Health Class 2.0 is a Lang faculty project founded in 2011 by professor Natalia Mehlman Petrzela and her longtime friend Ellen Gustafson, a respected analyst of public policy on food who has worked with the United Nations. The organization is dedicated to empowering young people and their communities to think critically about health, food, and exercise and transform their own lives and the world around them as a result. It’s a formidable challenge: According to the American Heart Association, today nearly one in three Americans is overweight or obese. Diabetes, high blood pressure, and depression are just some of the side effects.
Health Class 2.0 addresses this wellness crisis in a number of ways. Students from Lang, as well as Petrzela, Gustafson, Herring, and other staff, lead exercise classes at New York City public high schools and middle schools as part of a weeks-long curriculum. After the movement portion of each class, the Health Class 2.0 leaders lead discussions about making good decisions, including ones related to diet, for healthy lives.
“Kids need to be able to keep health and wellness in the forefront of their minds,” says Herring. “They’re old enough to make choices. When they are heading to a friend’s house after school and stop by a bodega on the way, they make choices about what to put in their bodies.” One of Health Class 2.0’s goals is to ensure that kids keep their well-being in mind when making those decisions.
How do the students react? “There’s a whole range in the exercise classes” says Herring. “It’s a lot of fun to see. Some kids immediately catch on. Some kids right away feel proud of themselves for remembering the moves. When there’s a repeated action, when I say something and the kids respond, they say it with me. Some make up their own move. Sometimes there’s a kid who doesn’t do the moves much. So we’ll go up and show them how to do it in a way that isn’t isolating. We’ll be smiling. Some kids sit down, and that’s okay, too.”

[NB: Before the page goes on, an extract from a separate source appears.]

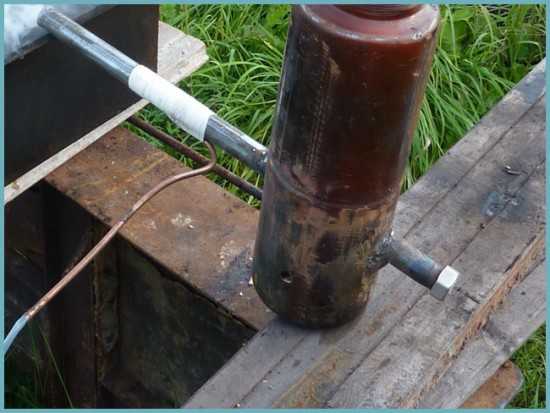 Примечание: Из-за огня днище может прогореть, поэтому необходимо сделать охладитель. Можно обмотать дымоход латунной трубкой и пустить по ней воду.
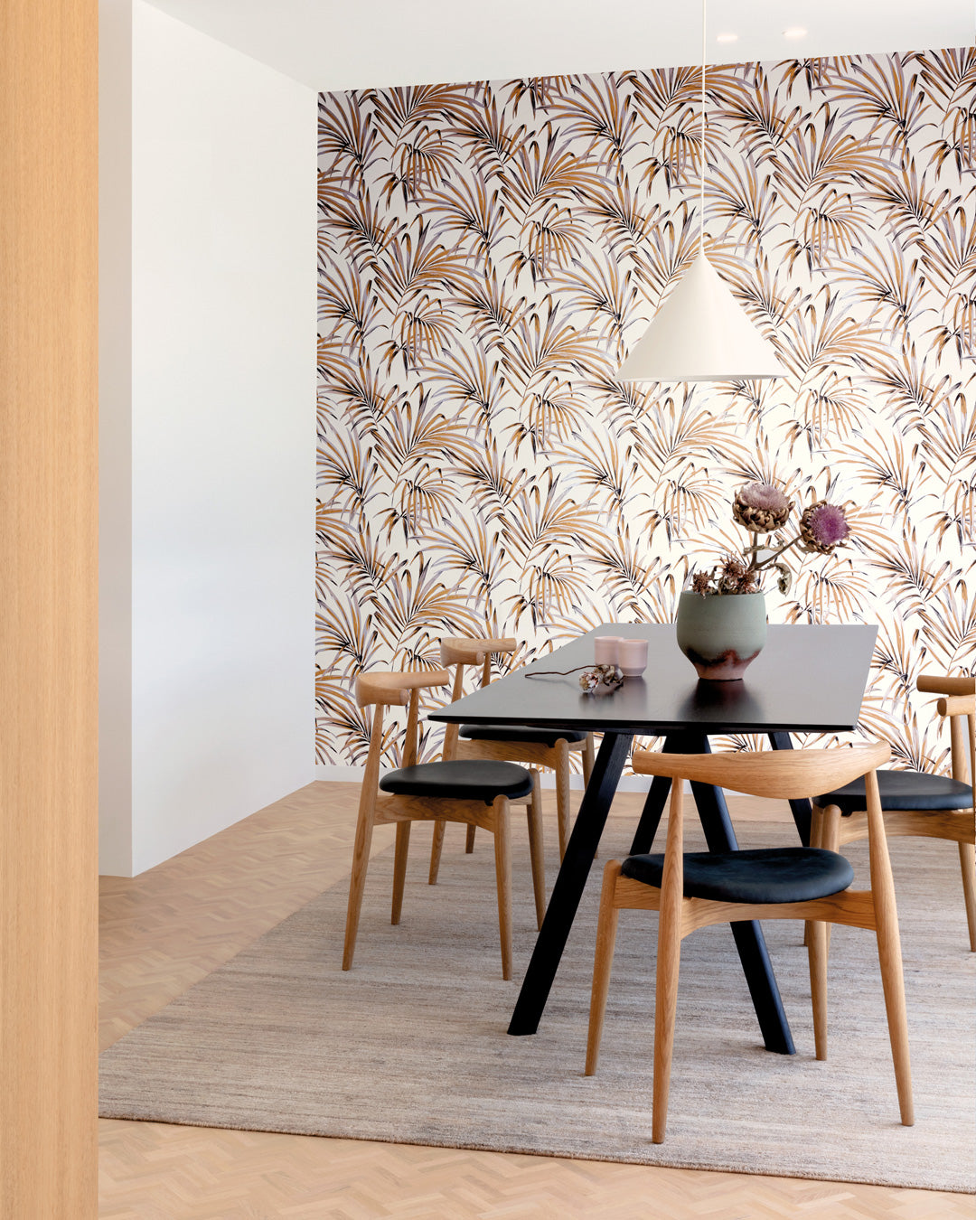 Den ljusa tapeten Palm Ginger pryds av eleganta palmblad mot en ljus botten. Exotiskt och expressivt, men också lugn och harmonisk för en skön, lyxig semesterkänsla i rummet. Tapeten trycks i åtta olika färgställningar. Här ser du palmbladen i skiftande nyanser av beige och svart mot ljus botten.

Under Herring’s leadership, Health Class 2.0 is rapidly growing: They have doubled the number of participating New York City schools in the past few months and expanded their full-time staff. Herring has grown with the organization, as well. A year after joining as a student volunteer, she’s been promoted to Executive Director of that organization. Her rapid rise from student volunteer is a testimony to her commitment to the organization and its mission; Herring believes that Health Class 2.0 is leading some of the most important work in American health policy being done.
She is excited to help the organization touch more lives with a straightforward message: “We’re doing this because we value ourselves, and we’re giving the students attention because we value them,” she says. “Ultimately, the message to young people is that they have a choice: Right now you have the choice to be your best.” It is her hope that they choose wisely.